**EXERCISE DATA**
+++
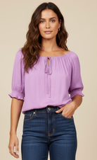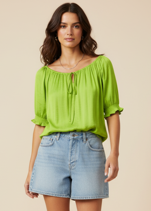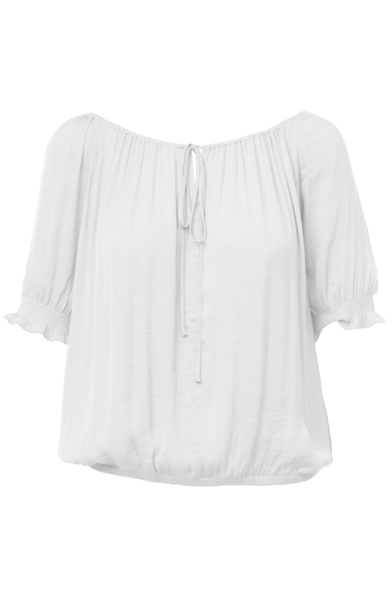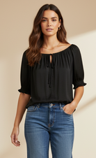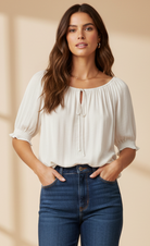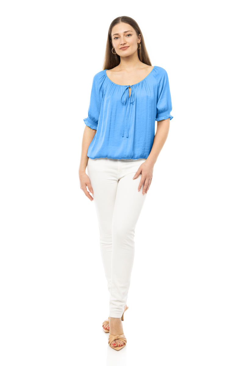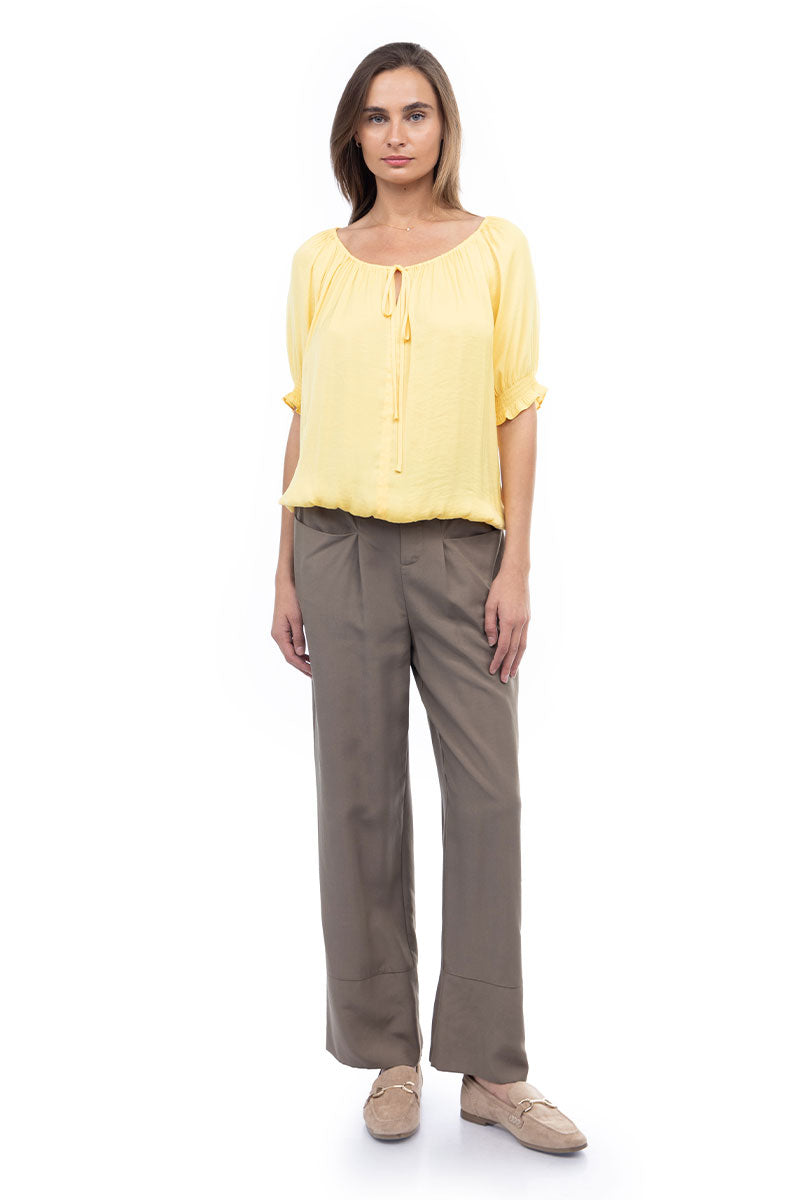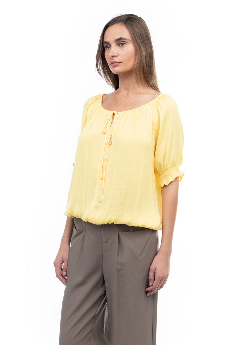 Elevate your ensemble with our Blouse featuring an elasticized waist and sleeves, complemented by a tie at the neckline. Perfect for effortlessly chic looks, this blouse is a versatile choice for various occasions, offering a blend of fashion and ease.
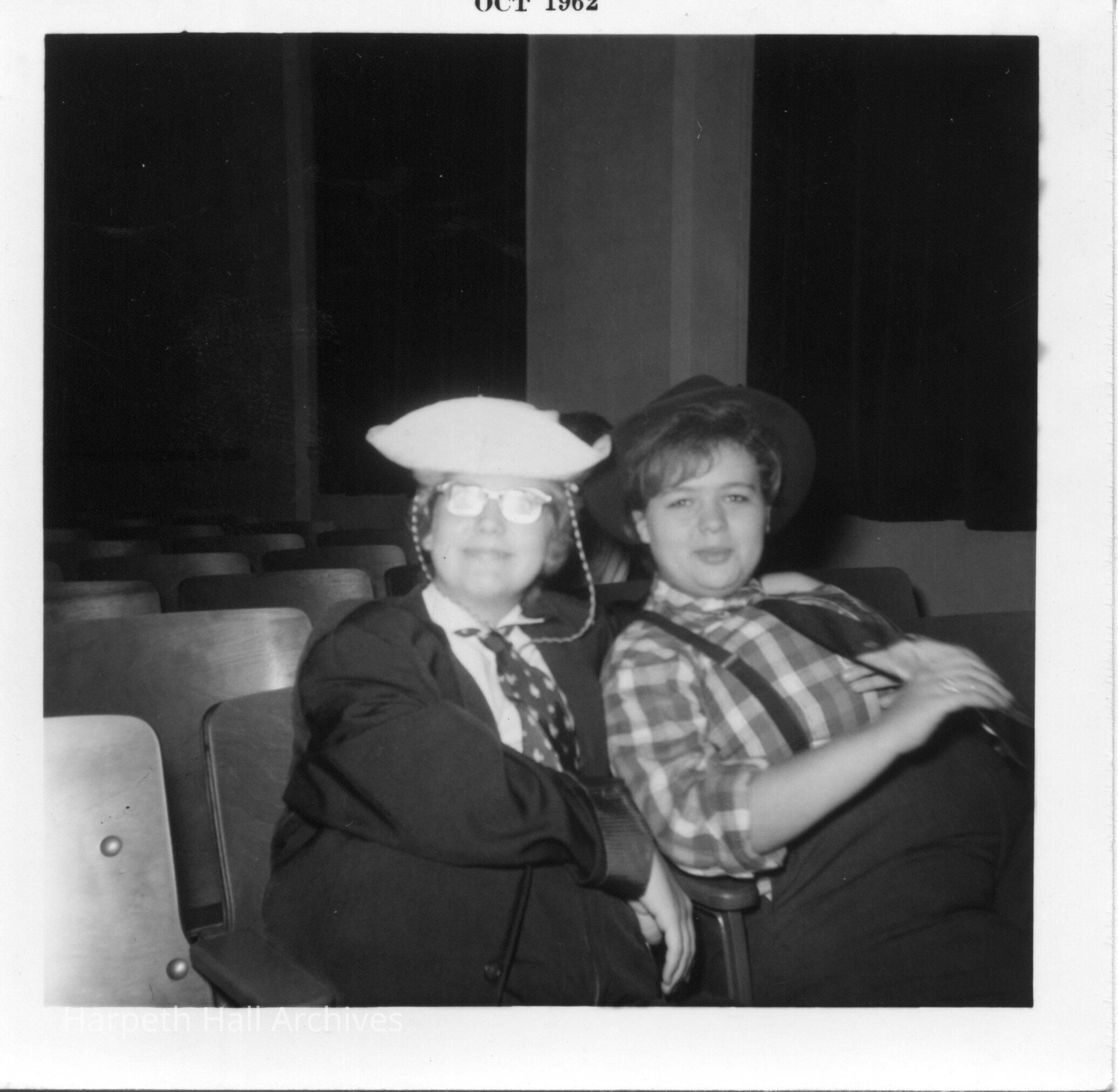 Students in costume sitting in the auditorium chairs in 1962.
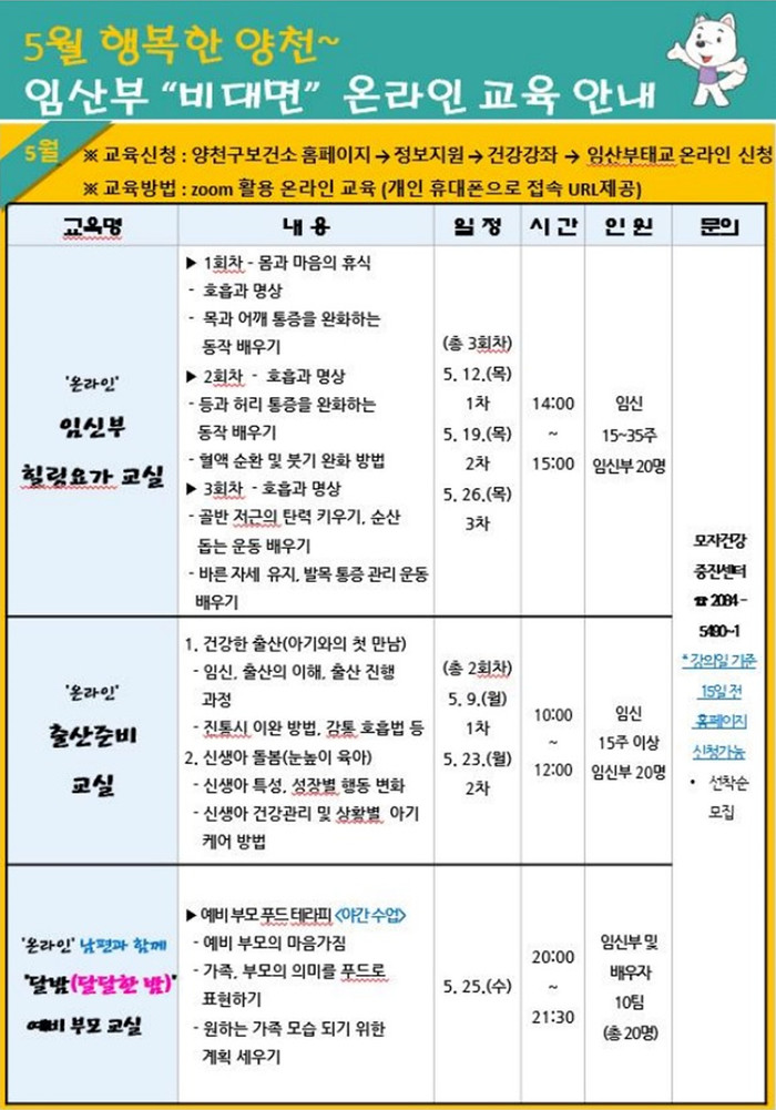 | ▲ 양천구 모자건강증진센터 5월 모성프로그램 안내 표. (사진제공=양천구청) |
+++
**TASK DESCRIPTION**
Without including any picture, output all the material exactly as it appears.

**TASK RESPONSE**
 Elevate your ensemble with our Blouse featuring an elasticized waist and sleeves, complemented by a tie at the neckline. Perfect for effortlessly chic looks, this blouse is a versatile choice for various occasions, offering a blend of fashion and ease.
 Students in costume sitting in the auditorium chairs in 1962.
 | ▲ 양천구 모자건강증진센터 5월 모성프로그램 안내 표. (사진제공=양천구청) |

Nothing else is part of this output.